Ellie was staring. He could feel her radar running full tilt.
“Lou says he found incense residue and acrylic rug fiber on the dead man’s clothes. The incense matches residue on the clothes in the Ms. Basket Case basket. How come you asked him to check that far back?”
“Just covering all the bases.”
“And then a few.” She smiled. It was a tolerant smile. It seemed to say,
I know you. I know your thoughts. I accept you as you are.

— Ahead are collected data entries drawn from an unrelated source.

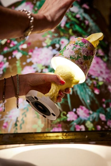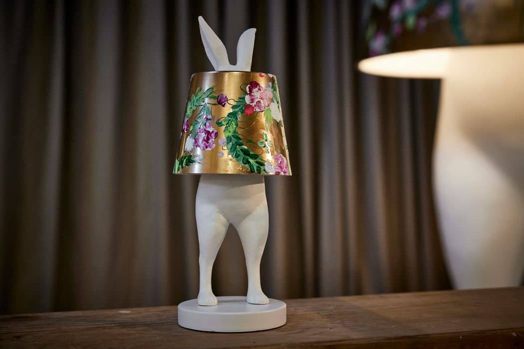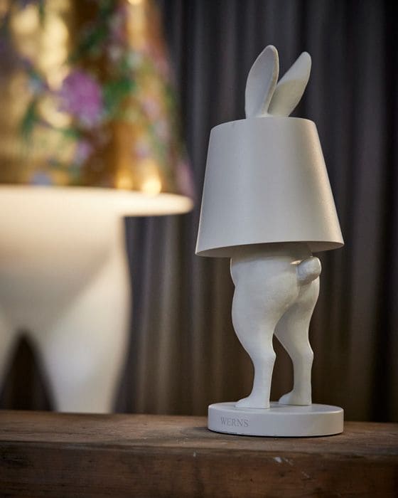 The iconic Hiding Rabbit Lamp by WERNS provides the sculptural foundation – clear, reduced, instantly recognizable. Juliane Golbs transforms this form into a canvas for storytelling, adding layers of paint, symbols, and textures.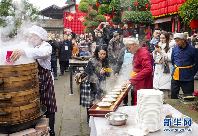 1月18日,在中山古鎮(zhèn)的“千米長(zhǎng)宴”上,民間藝人用古鎮(zhèn)傳統(tǒng)“打盆”絕藝給游客們上菜。當(dāng)日中午,伴隨著一聲“開(kāi)席嘍”,一年一度的“千米長(zhǎng)宴”在重慶市江津區(qū)中山古鎮(zhèn)舉行。噴香的煙熏豆腐、軟糯的夾燒肉、可口的石板糍粑……800余桌年味十足的特色美食,吸引了兩萬(wàn)多名游客前來(lái)體驗(yàn)傳統(tǒng)民俗,感受“一雙筷子吃遍一條街”的暢快淋漓。中山古鎮(zhèn)自古就有“千米匯長(zhǎng)宴萬(wàn)人祈福祉”的習(xí)俗。每年春節(jié)期間,古鎮(zhèn)老街居民都會(huì)在千米長(zhǎng)街上大擺“百家宴”,祝福生意興隆、家業(yè)興旺、風(fēng)調(diào)雨順、五谷豐登。新華社記者劉潺攝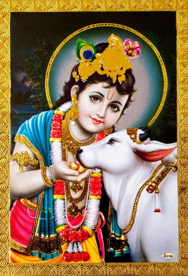 金の神様ポストカード 仔牛を愛でるベイビークリシュナ / ポスター ゴールド インド 本 印刷物 ステッカー

“The fiber matches fibers on the Ms. Basket Case clothes. It also matches the strands that you pulled from the rug in the rectory. How come you didn’t tell me you’d done that, Vince?”
“Because you’d have told me it wasn’t legal.”

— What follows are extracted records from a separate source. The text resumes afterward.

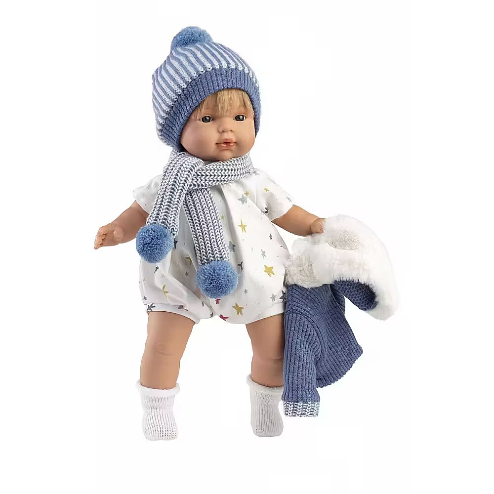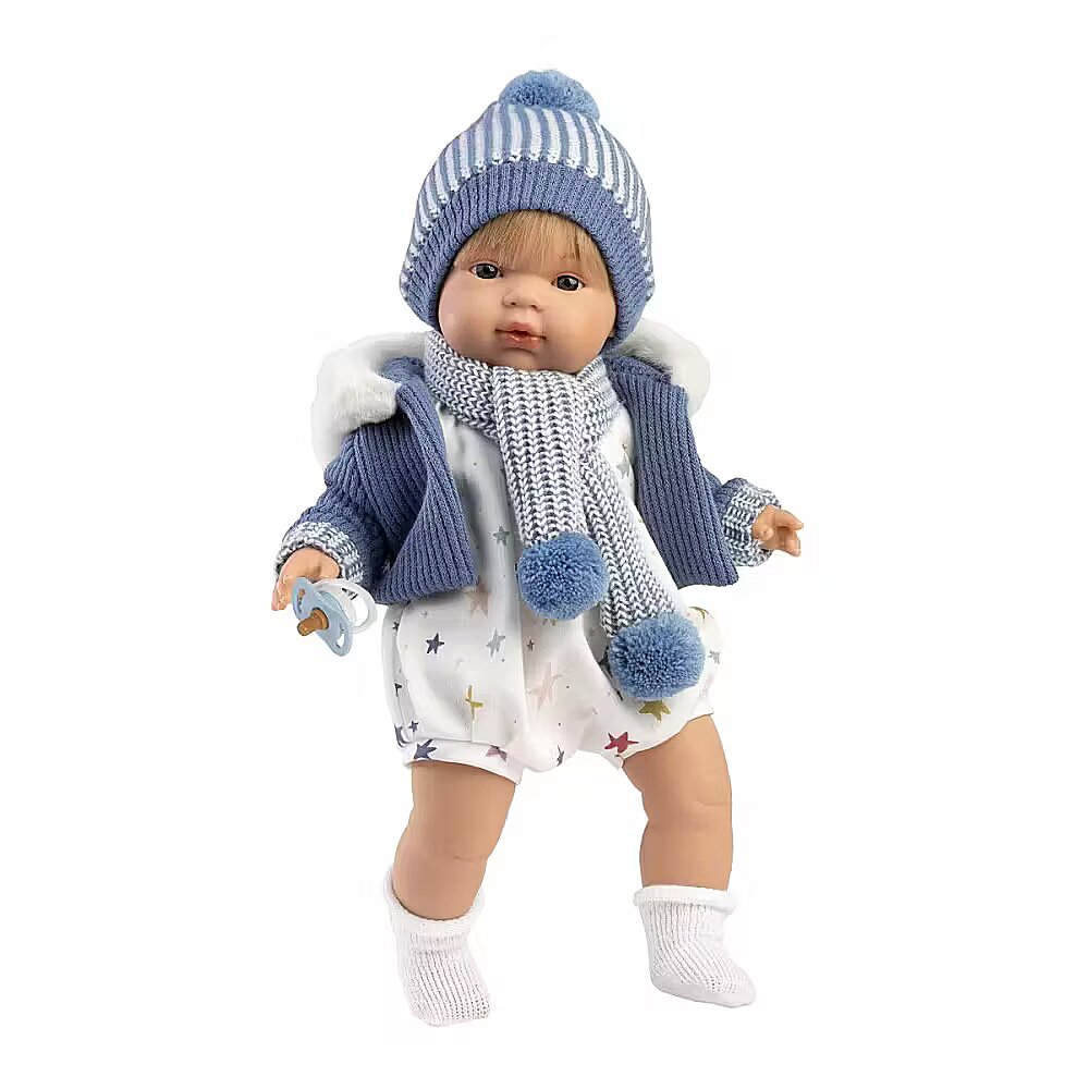Description - Llorens 38573 Crying Doll 38 cm - Sasha Handmade Llorens dolls are crafted with meticulous attention to detail. Delicately highlighted features, shading, beautiful eyelashes, and expressive eyes. Made from the highest quality materials, each doll comes to life and gains character in the hands of its creator. Their outfits are made from organic cotton, wool, and recycled materials. This makes it the perfect gift for your child, combining both educational and playful value. Handmade in Spain with love. Name: Sasha Height: 38 cm Materials: Cotton body, vinyl arms, legs, and head Includes: Five-piece outfit and pacifier Features: Cries when pacifier is removed Batteries included: LR-44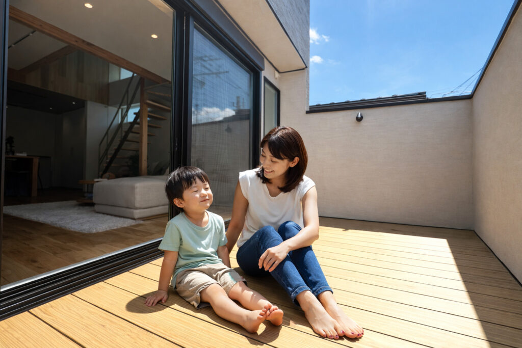 2階に家族みんなが集まるLDKを配置しておりますが、親世帯と子世帯のちょうど間に 公園に面して半分屋根がかかるインナーテラスを設けております。両世帯共同で利用する公園の樹木を感じながらの快適テラスへ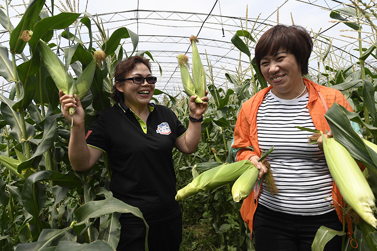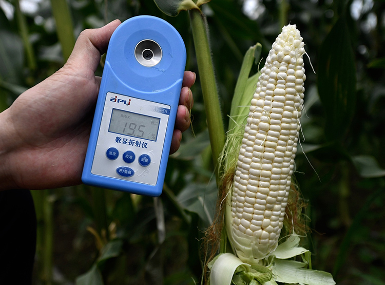 经农艺师现场检测,玉米含糖量达到19.5%。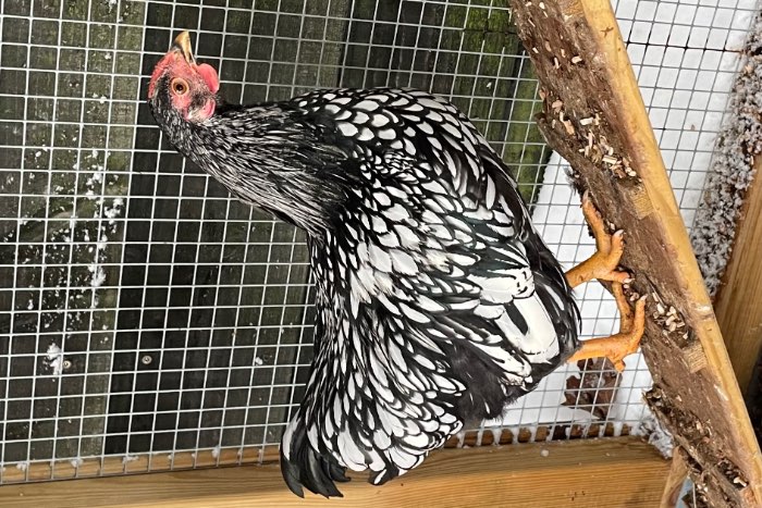 Wyandotte krielhaan, zwartgrijs gezoomd. Fraai raszuiver exemplaar van 16 weken oud. Eventueel te ruilen voor wyandotte hen van ongeveer zelfde leeftijd.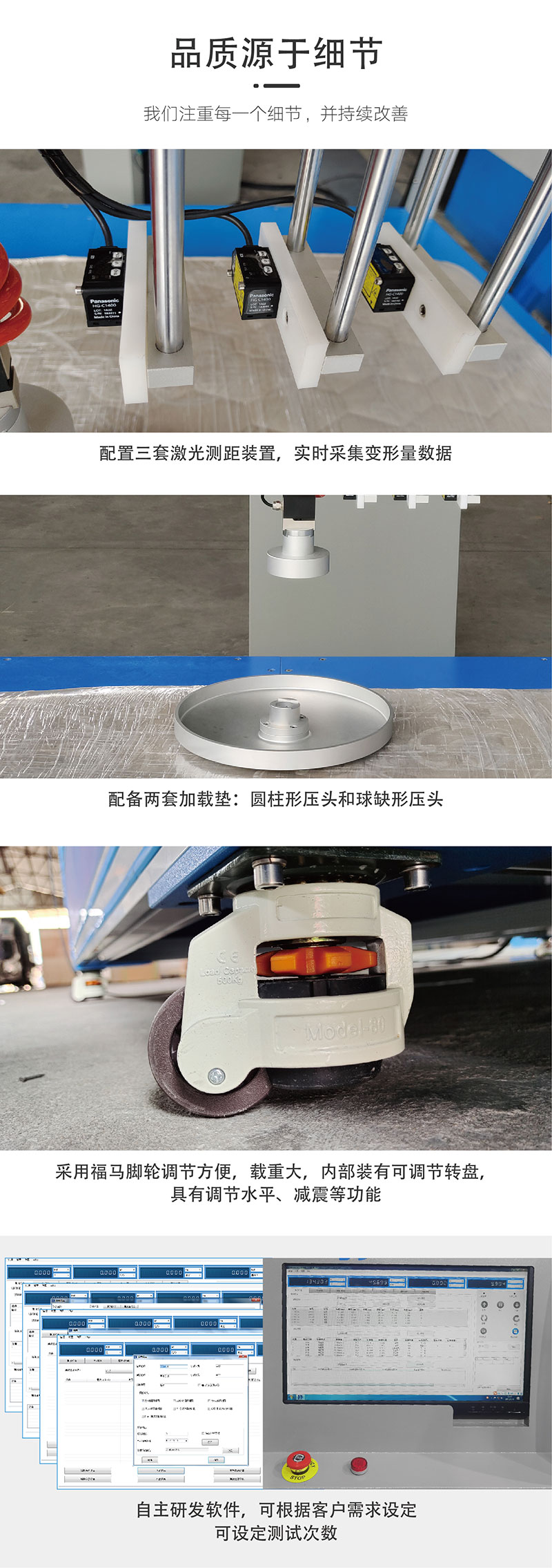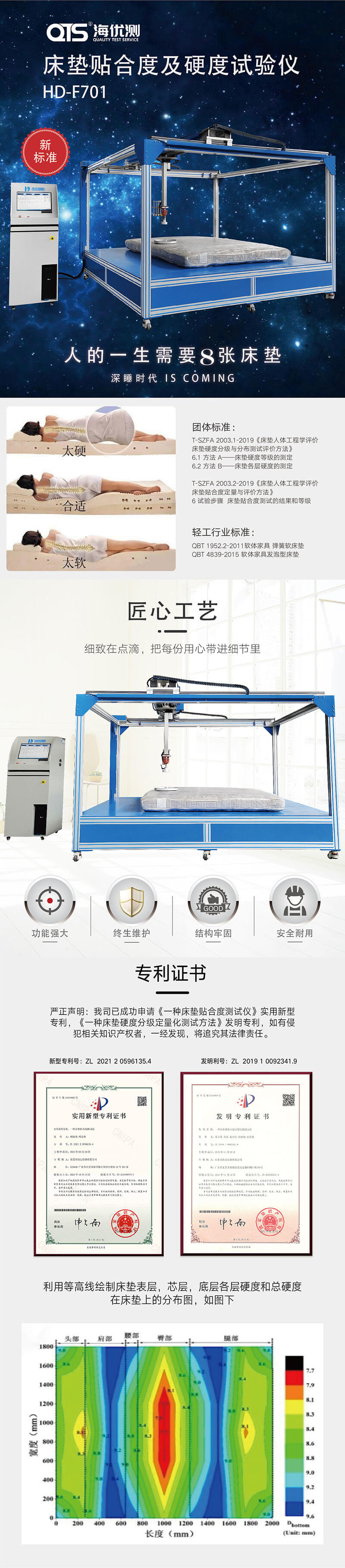 床墊貼合度綜合試驗(yàn)機(jī)用于對(duì)家庭、酒店、旅館、飯店等場合使用的彈簧軟床墊和發(fā)泡型床墊進(jìn)行出廠成品檢測,對(duì)床墊硬度和滯后損失率及貼合度進(jìn)行測試,測試完成后根據(jù)測試評(píng)定試樣的等級(jí)。

“Which it wasn’t. But never mind, because Lou says it’s no use to us. Ditto for the incense. They’re both as common as hydrogen atoms.”

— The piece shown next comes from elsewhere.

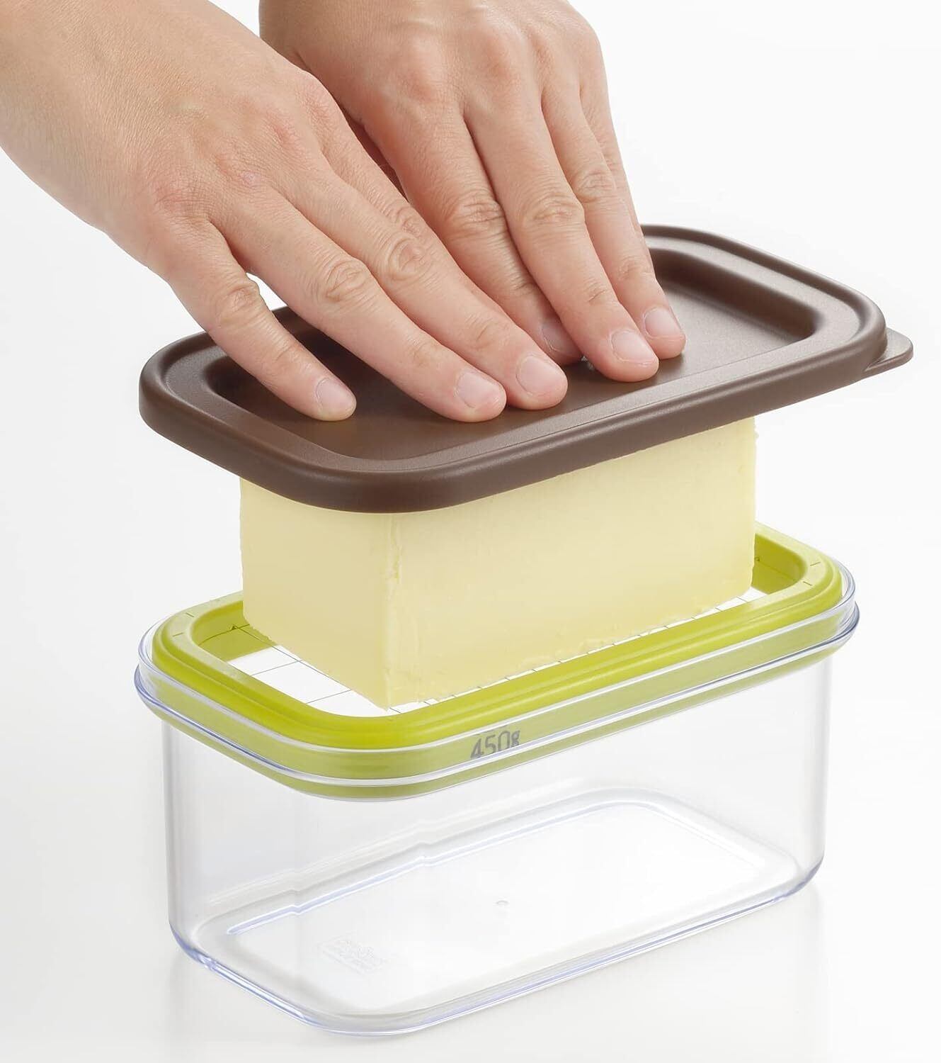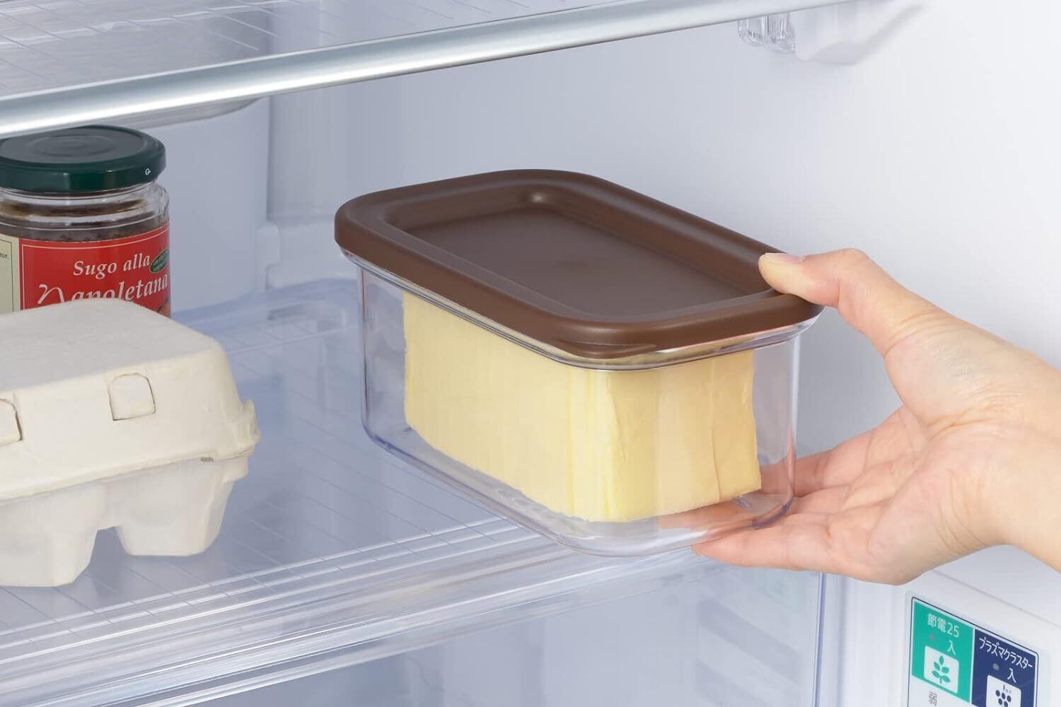 常温に戻したバターを、フタでギュッ~と押すだけでバターをカット。200gの家庭用バターはもちろん、450gの大容量ポンドバターにも使えるので、お料理や用途に応じて使い分けできる。ピタッと閉まるフタで、冷蔵庫内でストックしても乾燥しにくい。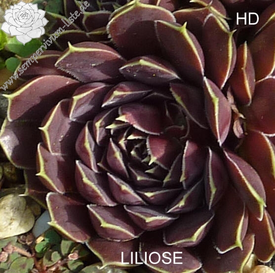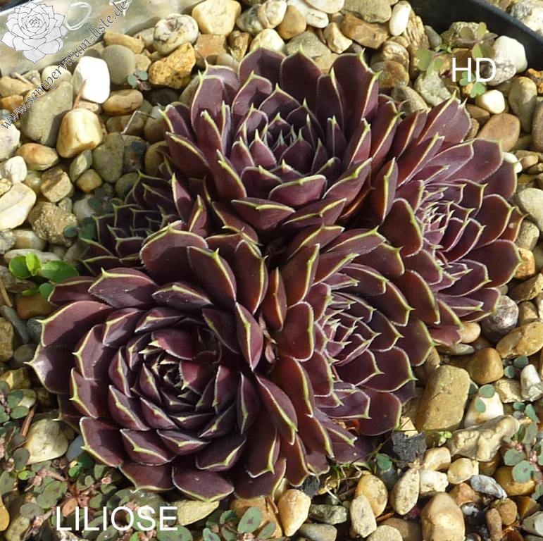 Rosetten bis 5 cm, Blätter oval, lang bespitzt, purpurrot - weinrot, Blattränder gelblich

Greg Monteleone knocked on the open door. Today he was wearing a peanut-butter-brown shirt with a strawberry-red button-down collar, and he looked as though a jokester had set the controls wrong on a color TV. “Letter for you, Vince. Looks like you’ve been invited to something ritzy.”
He handed Cardozo a heavy cream vellum envelope. Cardozo’s name and work address were neatly penned in ballpoint block letters across the front. A return address had been engraved on the back: 34½ East 69th Street. There was no sender’s name.
Cardozo opened it. Holding the page by a corner, he drew out a sheet of St. Andrew’s Episcopal Church letterhead.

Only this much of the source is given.